Harare - PPC [JSE:PPC] has reported a 66% drop in earnings for the six months to end-September 2016, as finance costs soared following the arrangement of a R2bn liquidity and guarantee facility.
In a statement released on Wednesday, PPC said profits were reduced to R58m as a result of a 54% increase in finance costs due to the liquidity “event.”
Finance costs were R509m, up 54% on the previous period's R330m, following R195m in costs incurred for the liquidity and guarantee facility as well as other related costs.
“Consequently headline earnings per share were down 66% to 14 cents while normalised headline earnings per share were down 16% to 36 cents,” the company said.

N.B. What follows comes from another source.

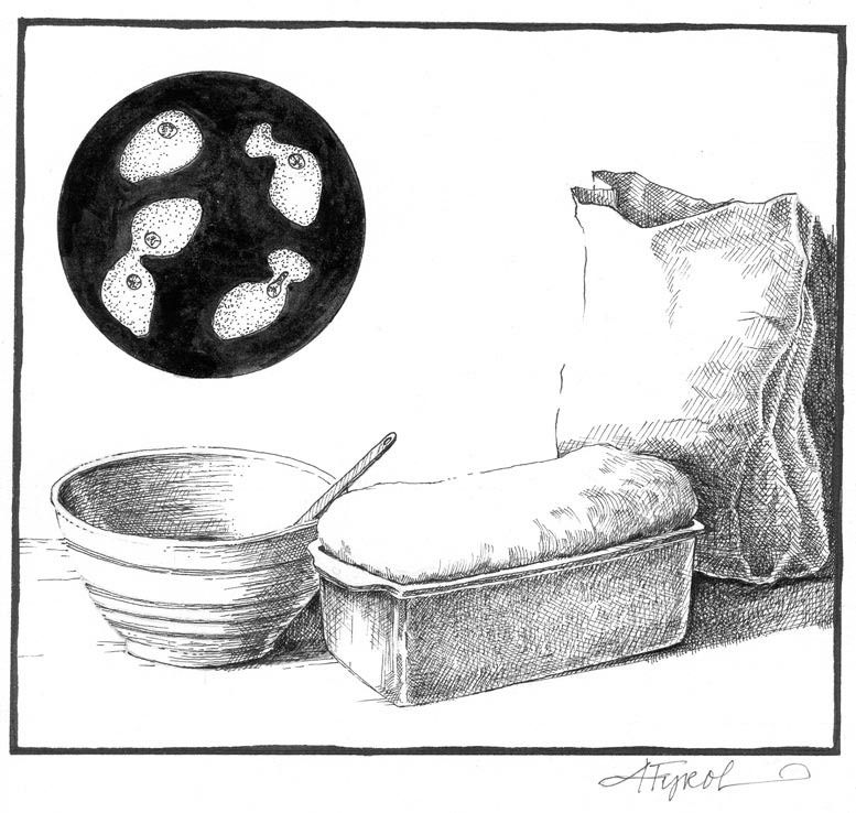 Yeasts, used by mankind for thousands of years, were probably the first type of microbe to be used for domestic purposes. A particular kind of yeast, Saccheromyces cerevisiae, makes bread rise by producing gases as they metabolize and reproduce. There is something highly satisfying about being in a warm kitchen on a cold day and watching a quiescent mass of water, flour, and yeast change and swell and become loaf-like. It’s food that is literally alive – until we eventually kill all the yeasts within the bread by baking it.

Revenue for the period amounted to R5.2bn for the six-month period compared to R4.6bn for the six months ended March 31 2016. The 15% rise is attributable to higher group cement sales volumes, specifically in South Africa where cement volumes were up 13%, and Rwanda where volumes were up 19% to 148 000 tonnes.
Performance for the six months is however being compared to the last reported period, the six months to March 2016 after the company changed its financial year-end to March from September.
Commenting on the results, chief executive officer Darryll Castle said the successful completion of the rights issue “allowed us to significantly reduce debt levels and strengthen our balance sheet against the cyclical nature of our business”.
Cement sales volumes in the six-month period increased 13%, but earnings were hurt by weaker selling prices and the devaluation of local currencies relative to the US dollar in countries where the producer operates.
The company opened a plant in Rwanda in August 2015, commissioned a new facility in Zimbabwe this month and is nearing completion on operations under development in the Democratic Republic of Congo and Ethiopia.
“The Zimbabwe milling plant in Harare has sold its first 1 000 pallets of bagged cement. Our projects in the DRC and Ethiopia are both at advanced stages and will be commissioned in the 2017 calendar year," said Castle.